Мадьяр пожал плечами:
– Одного пенго хватит.
Грэк сунул ему в руку свой последний пенго и осторожно взобрался на качели. Лодка оказалась шире, чем он предполагал. Грэк сразу почувствовал себя уверенно и без труда начал осваивать нехитрую технику катания, которую столько раз наблюдал со стороны. Он крепко ухватился за канаты, но тут же разжал пальцы и поспешно смахнул с лица набегавший пот. Потом, крепко взявшись за канаты, Грэк согнул колени, подавшись вперед, снова выпрямился, снова прогнул колени – и был приятно удивлен, обнаружив, что лодка начала качаться вместе с ним. Все оказалось очень просто: нужно лишь подладиться к заданному ритму – вовремя сгибать колени, не тормозить качели. Лодка пойдет вперед – откидывайся назад, выпрямив колени; качнется назад – падай вперед, не выпуская каната из рук. Вот и все. Это было чудесно.

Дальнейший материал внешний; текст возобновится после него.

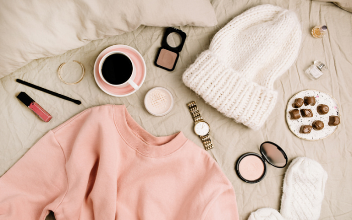 Khi chụp quần áo, bạn nên chọn thảm chụp ảnh mẫu có màu trung tính hoặc tương phản nhẹ để làm nổi bật màu vải. Trải quần áo phẳng, vuốt thẳng nếp để tránh nhăn. Có thể xếp theo kiểu dáng nguyên vẹn (như áo + quần phối cùng nhau), hoặc gập gọn một phần tạo điểm nhấn. Kết hợp thêm phụ kiện như kính, túi xách hay sách nhỏ đặt cạnh để khung hình sinh động hơn.

Грэк заметил, что мадьяр все еще не ушел, и раздраженно крикнул: «Ну что вы там? Ступайте!». Тот покачал головой, но не двинулся с места. Грэк больше не обращал на него внимания: он вдруг понял, что катание на качелях, без которого он до сих пор обходился, – весьма существенный элемент человеческого существования. Нет, это в самом деле восхитительно! Свежий ветерок, летевший навстречу качелям, осушил пот на его лице, охладил тело. Каждый толчок словно вливал в него новые силы. Да и весь мир кругом теперь то и дело менялся у него на глазах. Только что перед ним было лишь дно лодки, плохо пригнанные грязные доски с широкими щелями, но вот качели описали полукруг – и открылось бездонное небо.
– Эй, осторожней, тише! – закричал внизу мадьяр. – Остановитесь. – Он дернул рычаг, и какая-то мягкая, но непреодолимая сила остановила качели.
– Да убирайтесь же вы! – крикнул Грэк. Но мадьяр снова покачал головой. Тогда Грэк опять быстро раскачал свою лодку. До чего же хорошо – вот лодка отходит назад, словно разбегается, и один миг ты висишь в воздухе, параллельно земле, а перед глазами – грязные доски, граница твоего мира. Но вот рванулась, понеслась вперед лодка, и ты уже топаешь по небу, и небо над тобой синее, безбрежное, будто ты лежишь на лугу и смотришь вверх. Но только тут оно ближе, куда ближе. Л по сторонам и смотреть не стоит.
Вот слева торговка все еще укладывает в корзину свои абрикосы, кажется, они у нее никогда не кончатся! А справа торчит этот мадьяр – белокурый толстяк, и следит, чтобы ты качался по правилам. Время от времени в поле зрения врывается несколько домишек, чтобы тут же исчезнуть снова. Фуражка слетела у него с головы.
«Отпираться, – снова вспомнил он, как только разгон качелей стал слабеть, – поверят мне, а не ему. Никому и в голову не придет, что я способен на такие вещи. Ведь я на хорошем счету. Они, правда, считают, что проку от меня мало – хотя бы уж из-за больного желудка. Но по-своему они относятся ко мне неплохо и никогда не поверят, что я мог пойти на это».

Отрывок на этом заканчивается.